Now, we can begin to understand something of what Paul is talking about and what extraterritoriality means. In the modern age, there has been another word for it in English: capitulations. Capitulations came into being when certain powers of a very untrustworthy, dangerous, and lawless character did not abide by extraterritoriality, by the privileges of ambassadors, by the privileges of foreigners from a great power. It used to be, because we are now very degenerate in this respect, any American anywhere in the world could not be touched by a foreign power with impunity. If he committed a serious crime, American ambassadors had to be notified of the fact. If he were seized unjustly, then the United States moves. You remember what happened under Theodore Roosevelt when an American citizen of Greek descent was seized in North Africa, and he sent a very brief message to the ruler of Morocco. Perdicaris alive or Raisuli dead. Raisuli was the chieftain who had seized Perdicaris for random. Perdicaris alive or Raisuli dead.

Now, that’s how seriously governments have treated it over the centuries. Well, the capitulations in the modern age were wrested from a number of powers, the Ottoman Empire, or the Turks; Egypt, China, Persia, Morocco, Siam and some others. Now, there were some abuses at times in the seizures of extraterritoriality, but there were also some very urgent situations which compelled them. This has been ended since World War 2, but as long as extraterritoriality prevailed, what it meant was that each of these countries had a portion of some city or the capital which was exclusively theirs, and they could not be touched. It was American, or British, or French, or British soil there, and of course, to this day, any embassy is foreign ground. No power can walk onto it and do anything, except within the agreements of international law.

The great power has always required it of the lesser power. Rome required it of the smaller states, and hence, Paul gets the language out of Roman usage, except that he asserts that greater than Rome is God the Lord, and therefore, God’s people, God’s house, God’s work must be immune from any control or tyranny by Caesar.

The early church felt that God the Lord was beyond all the state’s power to control, and the church is an embassy, and that Jesus Christ is the Lord over the church and over all states. One of the most familiar passages of scripture which we have cited before needs to be cited again. In Philippians 2:9-11, one of the great texts of scripture with regard to church and state cases, we read, “Wherefore God also hath highly exalted him, and given him a name which is above every name: that at the name of Jesus every knee should bow, of things in heaven, and things in earth, and things under the earth; and that every tongue should confess that Jesus Christ is Lord, to the glory of God the Father.” Now what is the name that he has given him which is above every name? Lord, which means absolute sovereign, absolute owner, absolute king. So that to say that Jesus Christ is Lord is to say that he is over all, and therefore, every knee should bow to him and every tongue confess him, and I pointed out on another occasion, the early church required that every believer, when he made confession of his faith, declare, “Jesus Christ is Lord.”

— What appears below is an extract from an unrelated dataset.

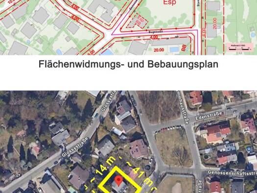 verbaubare Fläche: max 137 m² (17% des Bauplatzes) Wohngebiet, Wohnhäuser der BKL I (bis 4,5 Meter), offene Bauweise, max. 1 Nebengebäude mit 30 m² Strom und Brunnen am Grundstück Gartenhäuschen aus ...
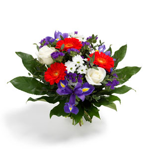 A stand-out grouping of bright red Gerberas, deep blue irises and white roses partnered with aromatic eucalyptus! (3 White roses + 2 White daisies + 3 Red Gerberas + 5 Purple irises + Greens) You can add your personalized card message to the bouquet arranged by our local Florist at the checkout page.

Paul say himself, therefore, as the representative of the greatest power on earth, and over and in all creation. Paul’s confidence in his status amazed the Romans. It baffled them. Here was Paul who came from a multi-millionaire family, who had been converted to this new sect, the Christians, who was now a poor man and a prisoner, but he spoke with a confidence that shook them, as though he were more important than the Roman authorities whom he addressed.

The parochia, the parish, the house, the people of the great King cannot be controlled by other powers. Therefore, “at the name of Jesus every knee should bow, of things in heaven, and things in earth, and things under the earth; and that every tongue should confess that Jesus Christ is Lord, to the glory of God the Father.” The church of Jesus Christ has extraterritoriality.